Reaching Safety
Supreme Court seems poised to let immigration officials repeat deadly mistakes of the past
On my way to Phoenix for a series of lectures recently, I arrived at the city’s airport the moment my flight touched down. Later, I jumped into a car and arrived at a hotel when the car pulled up in front. The following day, I arrived home when I exited another car, stepping foot onto the sidewalk in front of my house. All of us arrive in one place or another daily but teasing out when someone arrives in the United States takes on extra importance when it means the difference between requesting asylum and being blocked from safety.
Last month, the Supreme Court considered what Congress meant when it passed a law allowing anyone who “arrives in” the United States to apply for asylum and another law requiring that immigration officers process asylum requests from anyone “arriving in” the country. The court’s decision in Noem v. Al Otro Lado will likely impact how presidential administrations respond to migrants hoping to request asylum and, in turn, how migrants respond to federal immigration officers.

The Trump administration urged the justices to draw a bright line at the international boundary. “You can’t arrive in the United States while you’re still standing in Mexico,” Vivek Suri, a Justice Department lawyer, argued. Kelsi B. Corkran, who represents the immigrant rights group Al Otro Lado, disagreed. “They are arriving, present tense. Once they’re inside, they’ve arrived, past tense,” she explained.
Starting at the end of the Obama administration, DHS positioned Customs and Border Protection officers at the literal border to prevent migrants from stepping foot in the United States to request asylum. A federal appellate court found that this policy, called “metering,” violates immigration law. The Trump administration is currently not metering (it has adopted other policies that effectively cut off access to asylum), but it wants to have the option available in the future.
The justices’ comments at oral argument suggest that they are likely to side with the Trump administration. Justice Samuel Alito, part of the court’s rightwing majority, left little doubt that he agrees with the administration when he asked Corkran, “Do you think someone who comes to the front door of a house and knocks at the door has arrived ‘in’ the house?” Before she could answer, Alito added, “The person may have arrived ‘at’ the house.” Alito’s frequent ally, Justice Brett Kavanaugh, explained that the court shouldn’t concern itself with the likely real-world impacts of a decision in the administration’s favor.
If the court allows immigration officials to prevent people from requesting asylum by physically blocking them at the international boundary, many migrants are likely to avoid walking into a port-of-entry where officials are stationed. Instead, they are likely to enter the United States unlawfully by whatever means available. This is exactly what happened when immigration officials previously blocked access to ports-of-entry. Metering incentivized illegality because, for people seeking asylum, the alternative is worse.

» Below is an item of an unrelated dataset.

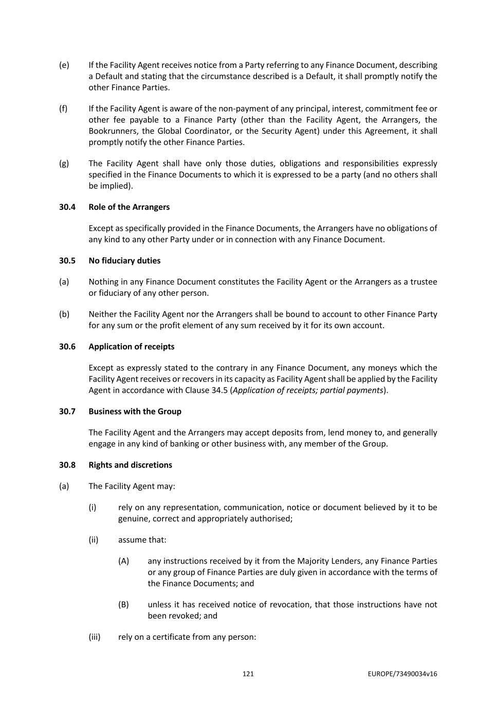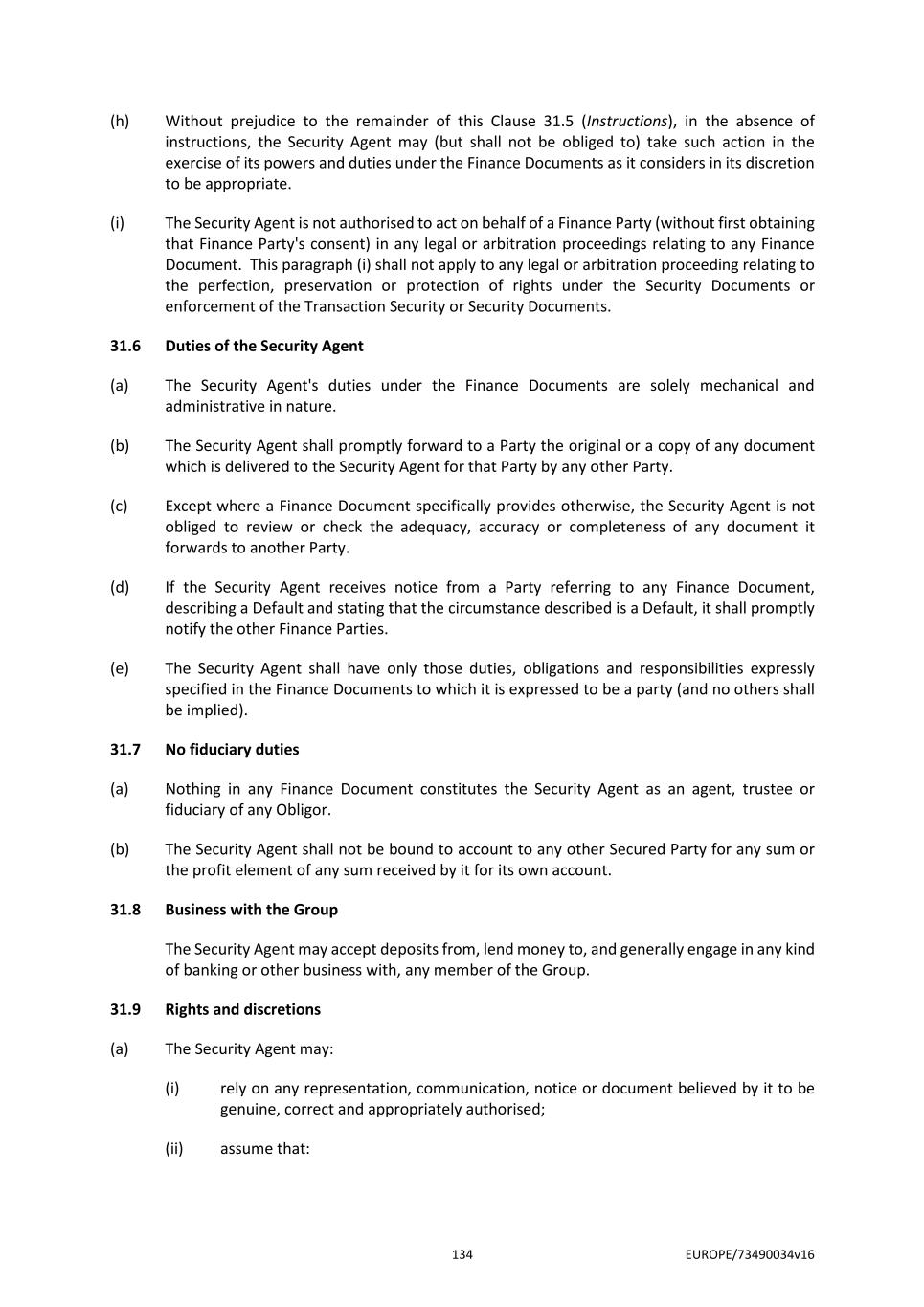 134 EUROPE/73490034v16 (h) Without prejudice to the remainder of this Clause 31.5 (Instructions), in the absence of instructions, the Security Agent may (but shall not be obliged to) take such action in the exercise of its powers and duties under the Finance Documents as it considers in its discretion to be appropriate. (i) The Security Agent is not authorised to act on behalf of a Finance Party (without first obtaining that Finance Party's consent) in any legal or arbitration proceedings relating to any Finance Document. This paragraph (i) shall not apply to any legal or arbitration proceeding relating to the perfection, preservation or protection of rights under the Security Documents or enforcement of the Transaction Security or Security Documents. 31.6 Duties of the Security Agent (a) The Security Agent's duties under the Finance Documents are solely mechanical and administrative in nature. (b) The Security Agent shall promptly forward to a Party the original or a copy of any document which is delivered to the Security Agent for that Party by any other Party. (c) Except where a Finance Document specifically provides otherwise, the Security Agent is not obliged to review or check the adequacy, accuracy or completeness of any document it forwards to another Party. (d) If the Security Agent receives notice from a Party referring to any Finance Document, describing a Default and stating that the circumstance described is a Default, it shall promptly notify the other Finance Parties. (e) The Security Agent shall have only those duties, obligations and responsibilities expressly specified in the Finance Documents to which it is expressed to be a party (and no others shall be implied). 31.7 No fiduciary duties (a) Nothing in any Finance Document constitutes the Security Agent as an agent, trustee or fiduciary of any Obligor. (b) The Security Agent shall not be bound to account to any other Secured Party for any sum or the profit element of any sum received by it for its own account. 31.8 Business with the Group The Security Agent may accept deposits from, lend money to, and generally engage in any kind of banking or other business with, any member of the Group. 31.9 Rights and discretions (a) The Security Agent may: (i) rely on any representation, communication, notice or document believed by it to be genuine, correct and appropriately authorised; (ii) assume that:

Passengers of the M.S. St. Louis learned this in the most horrible of ways. Fleeing death in Nazi-controlled Europe, over 900 Jews boarded the St. Louis in 1939 and headed toward Cuba. While the ship steamed across the Atlantic, Cuban officials had a change of heart. They revoked the landing permits that had been issued to the passengers. Unable to land in Havana, the ship’s captain eventually steered the St. Louis northward toward Florida, hopeful that in the United States they would find safe harbor.
Despite political pressure by Jewish advocacy groups, the Roosevelt administration also refused to let the ship dock in the United States. At the time, U.S. immigration law capped the number of migrants who could come into the United States from a given country, and the ship’s passengers hadn’t reached the top of the list. No other country in the Americas let them land either. With nowhere to go, the St. Louis returned to Europe where the death they fled awaited. “Two hundred fifty of the people who stood on the St. Louis in 1939 watching Miami’s lights twinkle in the distance as they waited for permission to enter the United States, permission that never came, didn’t survive their forced return to Europe,” I wrote in Welcome the Wretched, my most recent book.
When death reached Miami’s shores, immigration law restrictions quashed the life-saving power of welcome. The immigration laws at the center of the metering policy dispute didn’t exist in 1939. They were enacted in response to the world’s failure to prevent the Holocaust.
A decision in favor of the Trump administration will increase the likelihood that the United States will repeat the moral stain represented by the deaths of the St. Louis passengers. Some people, stuck in dangerous Mexican border cities where they are easy prey, are likely to die as they try to comply with U.S. requests to wait. Blocked from asking for asylum within the safety of a U.S. port-of-entry, others will die as they take more risk to sneak into the United States. Still more will be abused and extorted, harms short of death, but avoidable harms nonetheless.
The court’s decision in Al Otro Lado is expected in June or July.